**TASK PROMPT**:
Could every line below be transcribed exactly, with the pictures dropped?

**AVAILABLE DATA**:
┌──

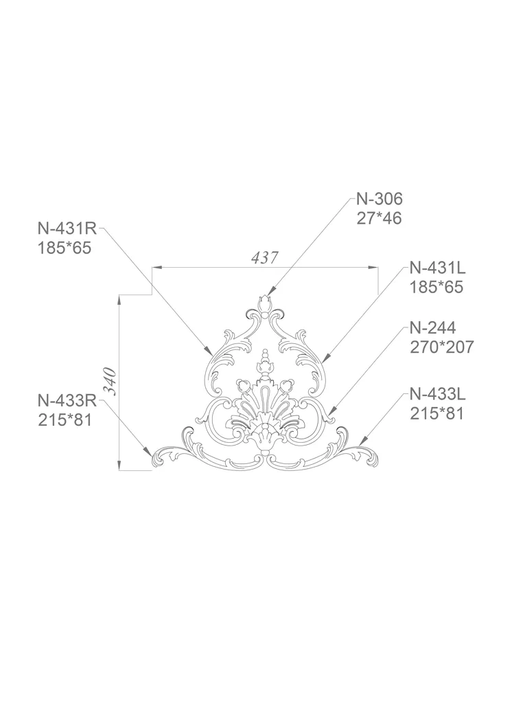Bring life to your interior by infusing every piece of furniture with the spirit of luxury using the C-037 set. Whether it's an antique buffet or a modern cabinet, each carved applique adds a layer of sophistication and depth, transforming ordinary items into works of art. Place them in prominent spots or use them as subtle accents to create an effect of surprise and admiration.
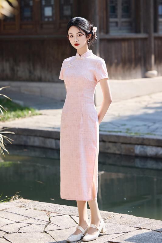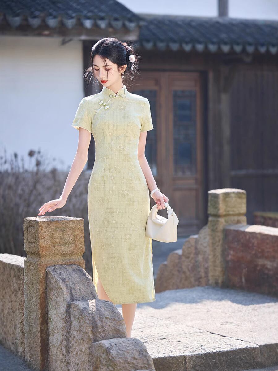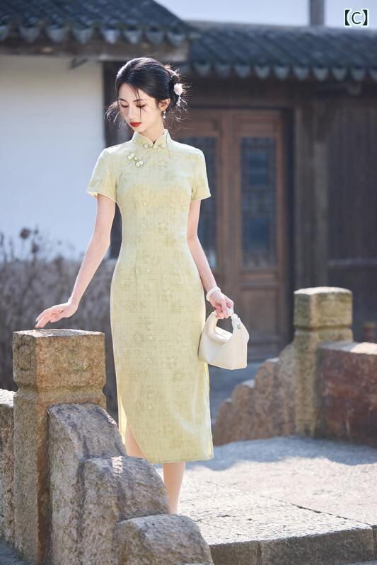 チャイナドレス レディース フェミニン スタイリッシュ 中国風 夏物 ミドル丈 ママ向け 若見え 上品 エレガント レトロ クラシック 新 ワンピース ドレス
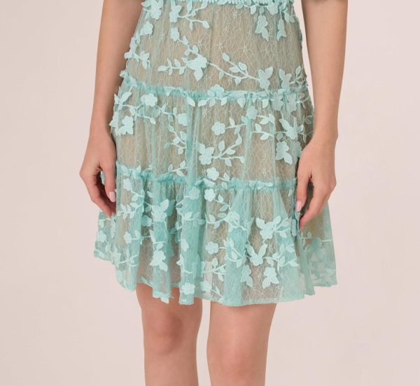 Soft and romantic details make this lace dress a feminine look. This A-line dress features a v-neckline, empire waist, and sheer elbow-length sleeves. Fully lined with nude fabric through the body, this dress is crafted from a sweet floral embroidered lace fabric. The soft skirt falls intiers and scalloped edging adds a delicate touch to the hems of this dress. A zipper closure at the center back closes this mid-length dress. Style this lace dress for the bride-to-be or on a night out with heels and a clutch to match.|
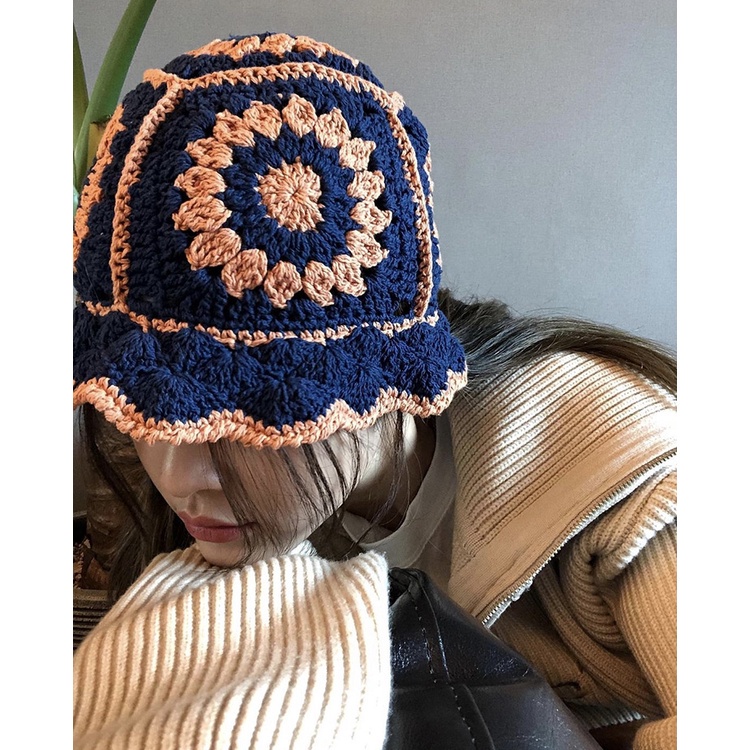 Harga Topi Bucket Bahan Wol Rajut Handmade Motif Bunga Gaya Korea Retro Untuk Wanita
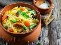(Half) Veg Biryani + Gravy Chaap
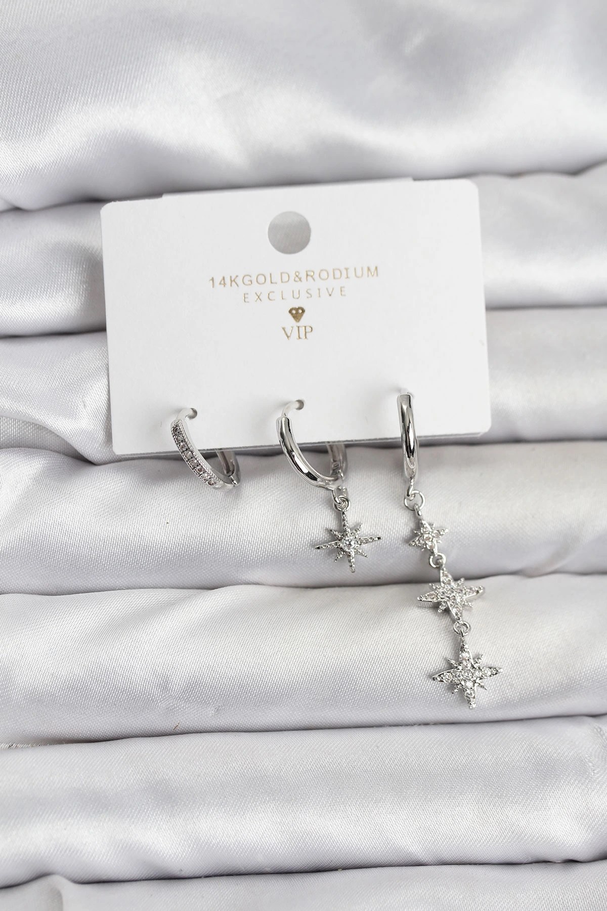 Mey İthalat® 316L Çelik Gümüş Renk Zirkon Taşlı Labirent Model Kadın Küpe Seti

└──

**SOLUTION FOR THIS TASK**:
Bring life to your interior by infusing every piece of furniture with the spirit of luxury using the C-037 set. Whether it's an antique buffet or a modern cabinet, each carved applique adds a layer of sophistication and depth, transforming ordinary items into works of art. Place them in prominent spots or use them as subtle accents to create an effect of surprise and admiration.
 チャイナドレス レディース フェミニン スタイリッシュ 中国風 夏物 ミドル丈 ママ向け 若見え 上品 エレガント レトロ クラシック 新 ワンピース ドレス
 Soft and romantic details make this lace dress a feminine look. This A-line dress features a v-neckline, empire waist, and sheer elbow-length sleeves. Fully lined with nude fabric through the body, this dress is crafted from a sweet floral embroidered lace fabric. The soft skirt falls intiers and scalloped edging adds a delicate touch to the hems of this dress. A zipper closure at the center back closes this mid-length dress. Style this lace dress for the bride-to-be or on a night out with heels and a clutch to match.|
 Harga Topi Bucket Bahan Wol Rajut Handmade Motif Bunga Gaya Korea Retro Untuk Wanita
(Half) Veg Biryani + Gravy Chaap
 Mey İthalat® 316L Çelik Gümüş Renk Zirkon Taşlı Labirent Model Kadın Küpe Seti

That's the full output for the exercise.